Yunanistan için taahhüt edilen 110 milyar dolarlık paket açıklandığı sırada, bu rakamın ihtiyaçtan bile fazla olması piyasaları şaşırtmıştı. Arkasından Portekiz ve İspanya gelmesin diye kesenin ağzı açılmış, IMF’nin de elini taşın altına sokması sağlanmıştı. İlk anda piyasalar sakinleşti.

Ancak PIGS’in (Portekiz, İspanya, Yunanistan ve İtalya) 2010 yılı içinde 374 milyar, 2011 sonuna kadar da toplam 760 milyar euro kamu borcunun vadesi geliyor olması gerginliğin sürmesine neden oldu. 110 milyarlık pakete rağmen borçlarını çeviremeyeceğinden endişe duyulan AB üyelerinin risk primleri ciddi oranda arttı. Euronun değer kaybı 1.2522’ye kadar sürdü.

İşlerin daha da sarpa sarmasından endişe eden AB liderleri geçtiğimiz hafta sonu acil olarak toplandı ve 110 milyar dolarlık paketi, 750 milyar euroya çıkardı. 440 milyar euro üye ülkelerden, 60 milyar euro ortak bütçeden ve 250 milyar euro da “yeni IMF”den geliyor.

Piyasalar endişe etmekte haklı mıydı? Yoksa piyasalar istediklerini politikacılara dikte mi ettirdiler? Her ne kadar Merkel “spekülatörler ile meslektaşlarım (politikacılar) arasındaki mücadeleyi ne pahasına olursa olsun biz kazanacağız” demişti. Pazar gecesi geç vakitte açıklanan paket ile 750 milyar euroluk “AB garantisi” ile piyasalar (büyük çoğunluğu ilgili ülkelerin bankaları) bir anlamda kendilerini garantiye aldılar.

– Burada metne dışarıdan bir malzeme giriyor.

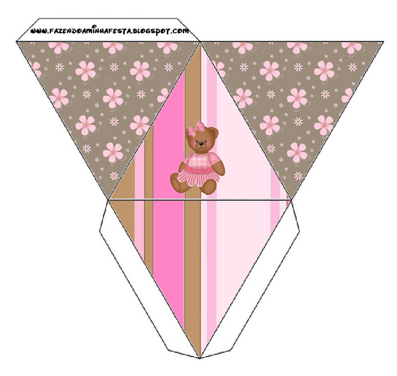 Caixa Pirâmide Ursinha de Vestido Marrom e Rosa:
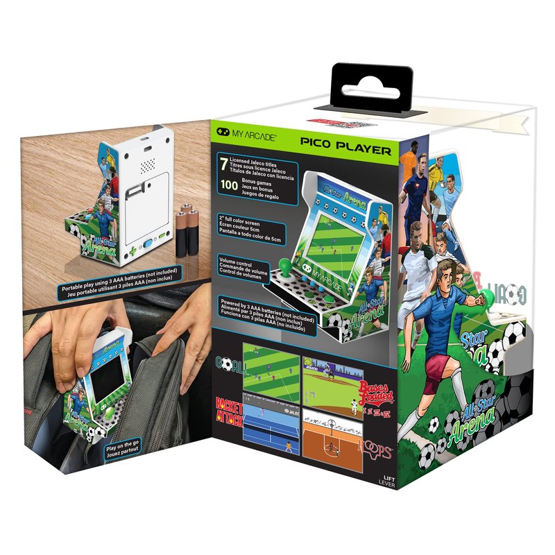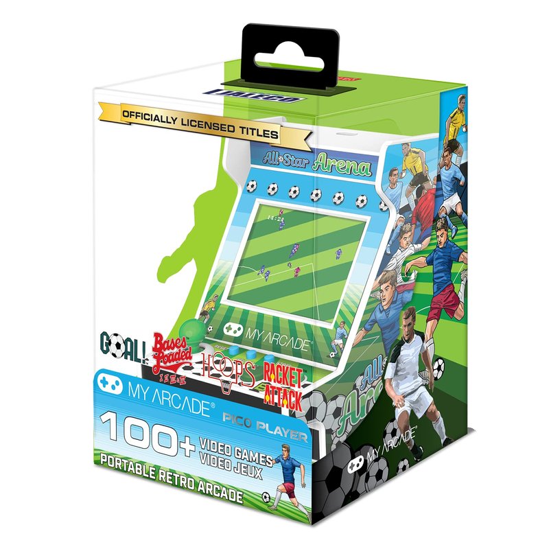 MY ARCADE All-Star Arena Pico Player- 3.75" Fully Playable Portable Tiny Arcade Machine with 107 Retro Games, 2" Screen Color Display, Battery Powered,White
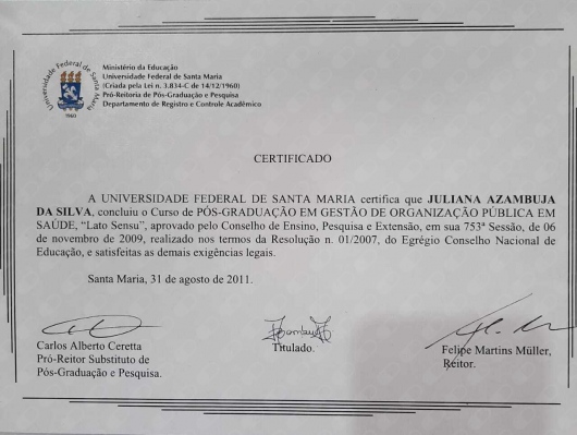 - UFSM - 2011; Especialização em Gestão de organização Pública em Saúde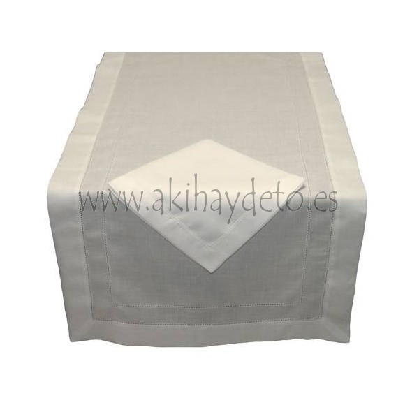 Par camino de mesa con cuatro servilletas en tonos grises y medida 50 x 150 cm.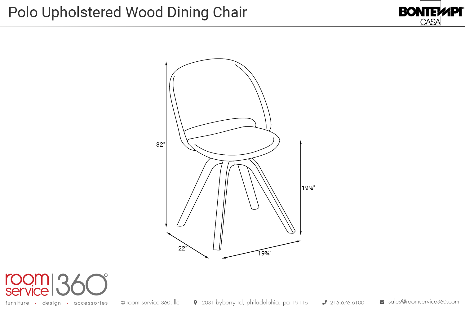 The Polo upholstered wood dining chair by Bontempi Casa simultaneously brings comfort and style to your modern dining area. The unique silhouette features angled wooden legs, a rounded seat, and a curved back with an opening at the bottom. Because of this design, this chair offers ergonomic and lumbar support during meals and social gatherings. The soft upholstery and cushioned lining offer comfort for convenience.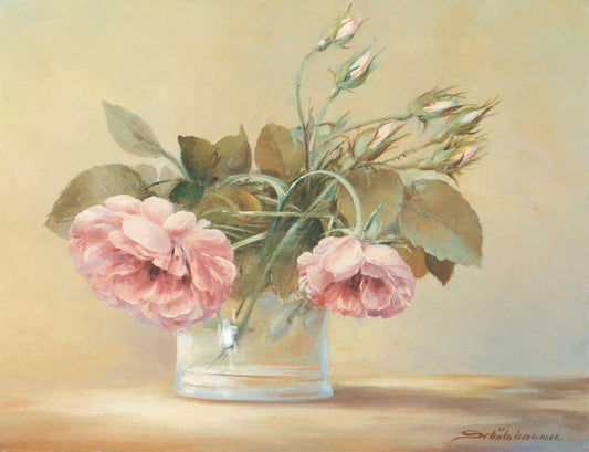 Spring roses Black Ornate Wood Framed Art Print with Double Matting by Scholnhammer, Heinz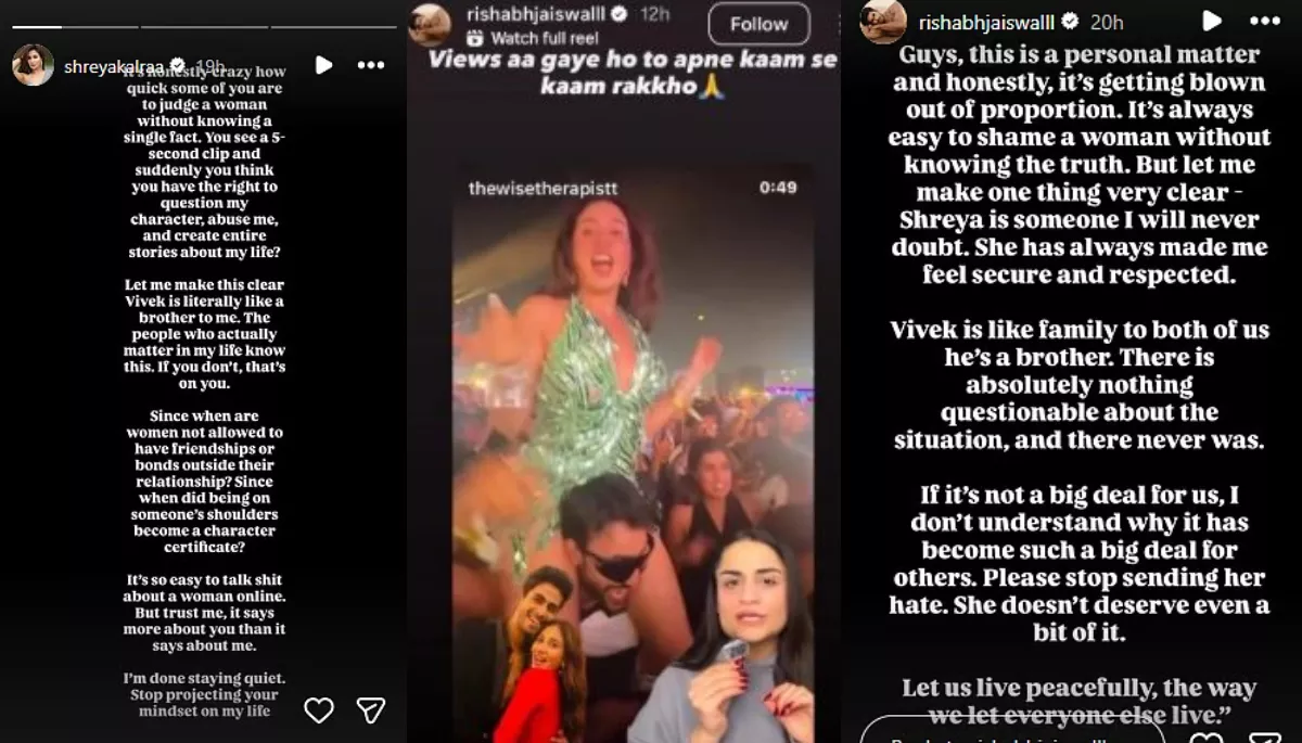 Shreya, in the post, revealed that she is in shock, seeing how, for just a 5-second clip, people could make stories around her life, character-assassinate her, or abuse her. She also added that the one in the video was just like her brother. She also questioned whether women cannot have friendships outside their relationship, while asking if being on someone's shoulder is someone's character certificate. She further slammed those who questioned her and called her names. On the other hand, Rishabh, too, took to his social media and shared his opinion on everything that has been being spread about him and Shreya's relationship.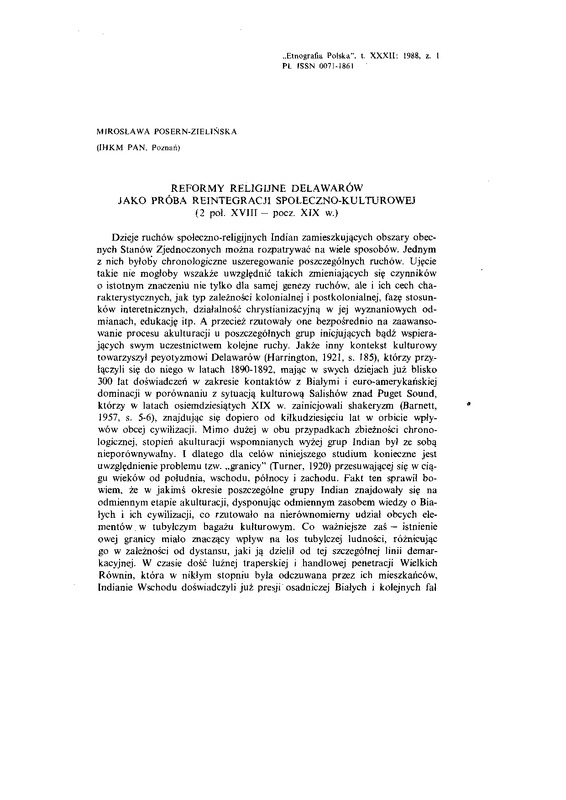 Reformy religijne Delawarów jako próba reintegracji społeczno-kulturowej (2 poł. XVIII - pocz. XIX w.) / ETNOGRAFIA POLSKA 1988 t.32 z.1

Onlar eninde sonunda paralarını alacaklar. Sizce bu durumda Merkel mi kazandı, yoksa piyasalar mı?

Paket işe yarayacak mı?

2008’de eşikaltı krizi başladığında Citibank’ın liderliğinde 80 milyar dolar sermaye ile kurulacak ve piyasalardaki sorunlu kredileri alacak özel bir fonu hatırlar mısınız? Böylelikle piyasalardaki “toksik varlıklar” temizlenecekti. Değil işe yaramak, fon kurulamadı bile... O gün bu gündür toplam zarar hesaplanamadı bile halen daha...

AB’nin açıkladığı sepet sonrasında piyasaların “çocuklar gibi şen” tepkisini bakmayın. Geçen hafta cehennemi görenler için bugünkü seviyeler adeta “ikramiye” gibiydi. Yine taşınma suyla değirmen döndürülmeye çalışıyor. Fazilerin euroda yüzde 1’e indirilmesi de yetmedi, şimdi AB üyesi ülkelerin Merkez Bankaları doğrudan piyasalara girerek bono satın almaya başladı. Paket açıklanmadan önce bankaların birbirlerine olan limitlerini tıpkı kriz sırasında olduğu gibi dondurduğu bir ortamda, sistemin “çalışabilmesi” için yine devlet desteğine ihtiyaç duyuldu.

Ayağı yere basan, uygulanabilir, denetlenebilir ve herşeyden daha önemlisi benzer bir sorunun bir kez daha yaşanmaması için gereken düzenlemeler ortada yok. Varsa yoksa piyasalar para verilsin, bankaların üzerindeki riskler devletlere geri iade edilebilsin. Tüm yapılan bu. İşin kötüsü her geçen gün rakam büyüyor.

Bu paket kısa bir süre için euro bögesindeki ateşin harını alır. Ancak ayakları yere sağlam basan bir plan ile desteklenmediği takdirde sadece para vermek çözüm olmayacaktır! Olsaydı bugünlere gelinir miydi?

Bir de işin Avrupa Merkez Bankası ve Trichet tarfı var. Çok değil geçen Perşembe günü “bono almak da nereden çıktı, toplantıda bunu tartışmadık bile” diyen bir merkez bankası başkanı mı 750 milyar euroluk paketi yönetecek? O yönetmeyecekse, her merkez bankası kendi kafasına göre mi takılacak, koordinasyonu kim sağlayacak, başarı ya da başarısızlık kime ait olacak?

Paket haberinden sonra; dolar karşısında 1.3095’e kadar değer kazanan ancak bunu koruyamayıp yeniden 1.2850’lere dönen euro da benzer düşünenlerin sayısının hayli fazla olduğunu düşündürüyor.